Lucy was right, we were sleep deprived. But I operated off little to no sleep as it was, and Skye seemed to like being awake in the night, just like her mom, so it worked out.

And I was her mom.

It didn’t matter that she wasn’t mine biologically.

“Blood doesn’t determine who your parents are,” Dad said, cradling the peaceful baby in his arms—Skye was always peaceful when she was given love and tenderness. “Love does.”

And Heath and I loved our little girl with all the pieces of ourselves.

She was ours. In more than blood.

But she was a lot. She did have problems. But we seemed uniquely qualified to handle them.

She cried a lot. Screamed, in fact. But her father was cool, calm under pressure, and he cradled her restless and fragile little body, laid it upon his bare chest, and somehow, it soothed her.

Like it had soothed me when I was broken.

I walked with her strapped to my chest, up and down the beach at three in the morning. She liked the witching hour.

Now I knew that everything happened for a reason. Everything ugly, horrible and unthinkable Heath and I had been through in our lives gave us the tools to give our daughter beautiful peace.

But she was still a newborn baby.

And they didn’t like sleep.

So we were tired when we pushed the stroller into the shelter. It was now one of three in the city, with Jay expanding. I helped manage when I could, but I was also building my second yoga studio inside the next shelter he was converting.

It was safe to say that the people of L.A. liked my particular brand of peace.

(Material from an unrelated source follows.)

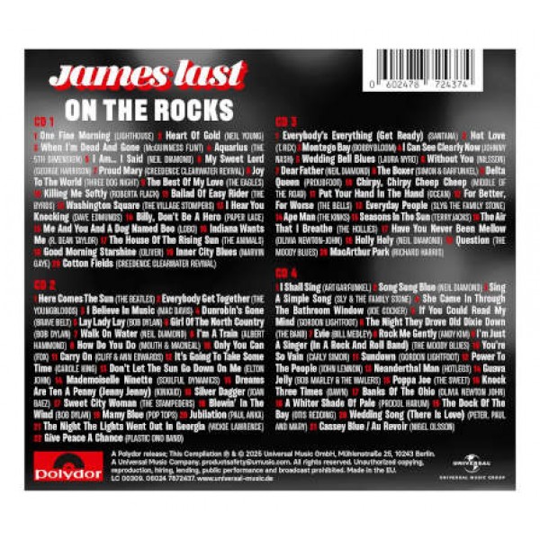 В этот 4-дисковый сборник «James Last On The Rocks» впервые вошли все лучшие рок-композиции Джеймса Ласта, записанные с группой вокалистов, которых он лично отобрал в лондонских студиях звукозаписи: в его группу JAMES LAST COMPANY входили Сью Гловер и Санни Лесли (из Brotherhood of Man), Марго Квантрелл и Джин Райдер (из Breakaways), Лин Корнелл (из Pearls), Кей Гарнер (из Ladybirds), Тони Берроуз (из Edison Lighthouse), а также студийные вокалисты Нил Ланкастер и Питер Барнфазер. Они составляют ядро зажигательного рок-звучания Джеймса Ласта.

And people liked Greenstone dealing with their chaos, so Heath was busy. Not busy enough to miss feedings. To give me time to do things like shower, brush my hair and remember to put on deodorant.

He was a hands-on dad.

Skye was his princess.

So we were busier than ever, yet we made sure to volunteer once a week. Heath came every single time, not just for security. But to contribute. Because he wanted to be involved. Because of his past. Because he found that a lot of people had parents like his, and those people didn’t react the same way as him. Didn’t have the opportunity to react in the same way as him and they ended up on the streets.